The PNC-CivicScience Investor Sentiment Index (“ISI”) is a “living,” survey-based measurement of U.S. adults’ current attitudes and expectations related to the U.S. financial markets, investment climate, and market outlook. The primary goal of the ISI is to monitor changes in consumer and investor attitudes, to better anticipate investment trends, market movements, and overall U.S. economic health.

A Snippet of Our Latest Reading:

The PNC-CivicScience Investor Sentiment Index (PNC-CS ISI) ticked higher again in September, reflecting further upward momentum. Investor optimism, as measured by the poll, has reached its highest level since January 2018. After peaking in January at 55.1, sentiment began to fade, falling to a 2018 low of 48.8 in April. Since then, the index has fluctuated within a fairly narrow range, however, the September reading of 52.4 reflects growing optimism after August’s reading of 50.5 was also an increase from the prior month.

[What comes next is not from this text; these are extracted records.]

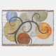Design géométrique d'inspiration boho avec cercles vert, beige, bleu et orange, textures uniques et recouvrements floraux.
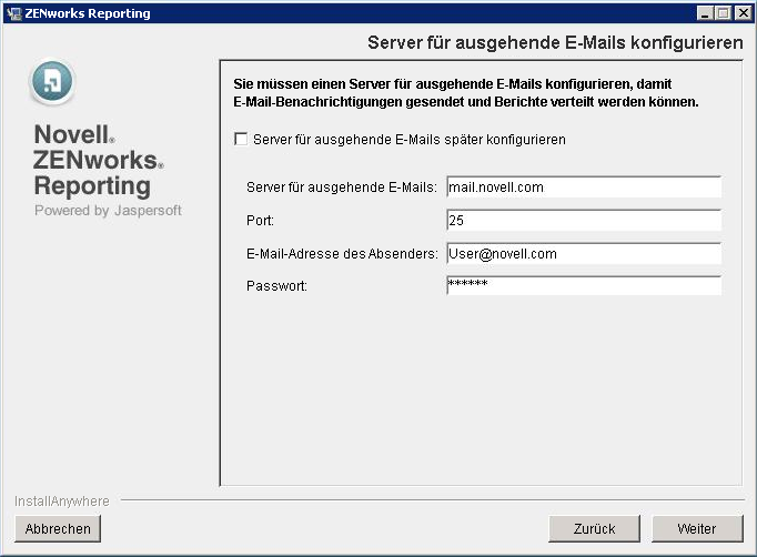 Das Installationsprogramm fordert Sie auf, den Server für ausgehende E-Mails zu konfigurieren. Diese Konfiguration ist erforderlich, damit die Email-Benachrichtigungsfunktion für Report Scheduling aktiviert werden kann.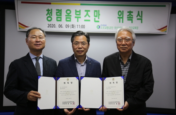 이날 도로교통공단 부산지부는 박춘한 ㈜아림 회장과 부경대 배상훈 환경해양대학 학장을 신임 부산지부 청렴 옴부즈만으로 위촉했다.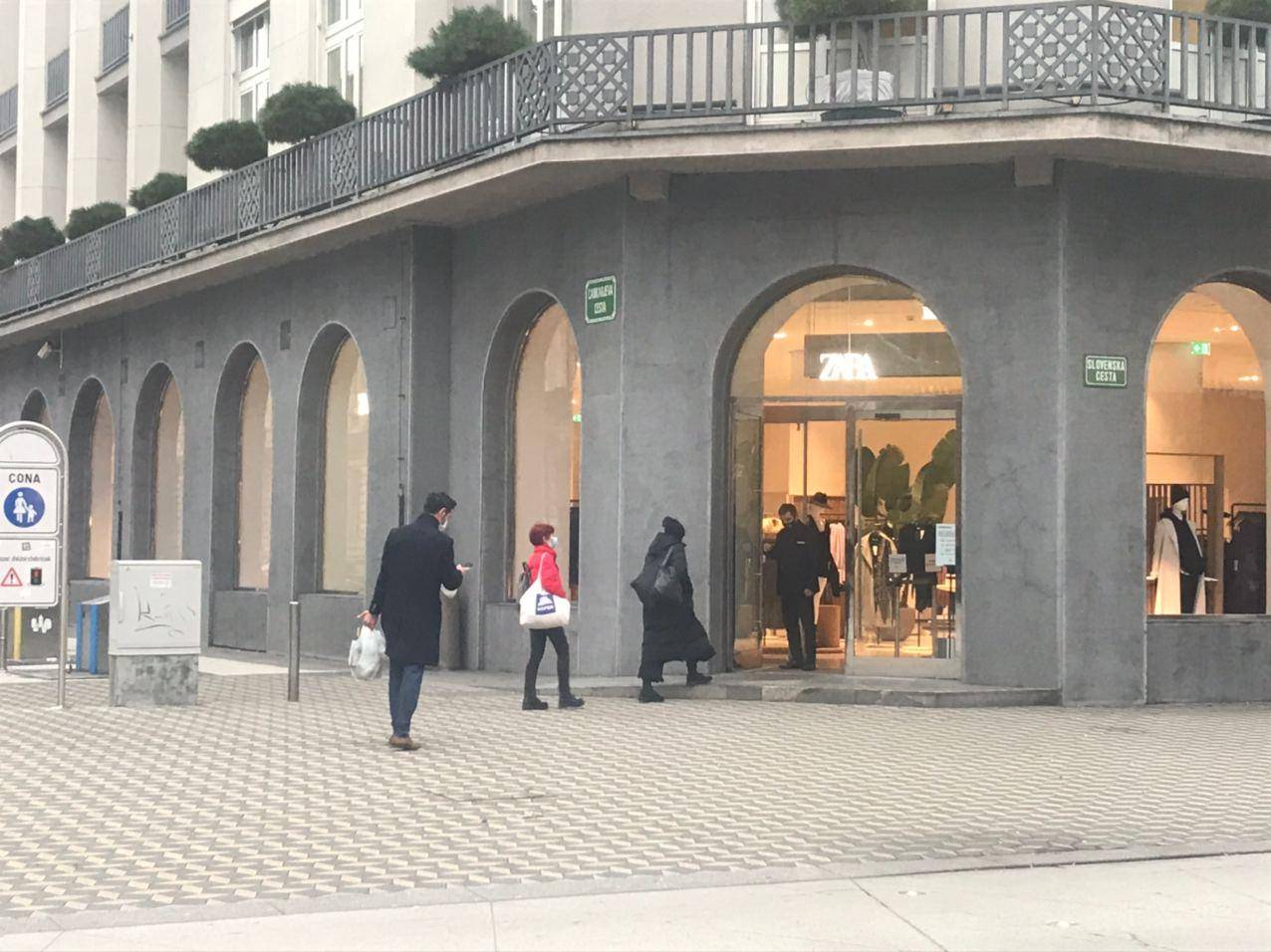 Ob 9. uri zjutraj pred trgovinami gneče še ni bilo. Po dveh mesecih so takole prvi kupci zakorakali v eno izmed priljubljenih trgovin z oblačili.

The September 2018 results reflect a fairly sizable uptick in optimism from poll participants. Trade war uncertainties with China escalated further, with the imposition of an additional 10% tariff on $200 billion worth of goods. While still manageable, mounting tariffs could have some impact on U.S. consumers, and, in turn, economic growth. Current estimates put the cumulative effect of all U.S. tariffs imposed or announced at approximately 0.32% of GDP spread over the remainder of 2018 and 2019. That said, trade progress with Mexico, and now Canada recently resulted in a new multilateral trade agreement between the three countries. Further signs of broad economic strength include second-quarter U.S. GDP being revised up to 4.2% from 4.1%, reflecting upward revisions to business investment and net trade, as demand was pulled forward on trade tensions. Additionally, the latest figures on capital expenditures show an increase of 12.9% year over year. This implies that corporations are still confident in the continuation of the economic cycle, and therefore willing to reinvest back in their businesses.

Earnings estimates continue to look very strong for the second half of 2018, and investors appear to be focused on the positive fundamental story playing out within the United States. Stocks have recovered all of what was lost earlier in the year, and continue to press higher. The S&P 500® total return in September was 0.57%, adding to the already robust year-to-date return of 10.56%. U.S. markets continue to benefit from a strong economic backdrop, historically robust earnings, and late-cycle fiscal stimulus.

In a widely anticipated move, the Federal Reserve (Fed) voted to raise the federal funds effective rate by 0.25% at its September meeting, pulling the short-term benchmark rate to a target range of 2.00-2.25%. The central bank reinforced its expectations for one additional hike in 2018, three in 2019, and one in 2020. The federal funds target rate has tightened financial conditions over the last year but remains below the federal funds neutral rate, or the rate at which monetary policy is estimated to be neither conducive to nor restrictive of economic growth. For each of the last six recessions, monetary policy was restrictive (the federal funds target rate exceeded the neutral rate) for an average of 25 months prior to recession, suggesting that current conditions remain favorable for continued expansion.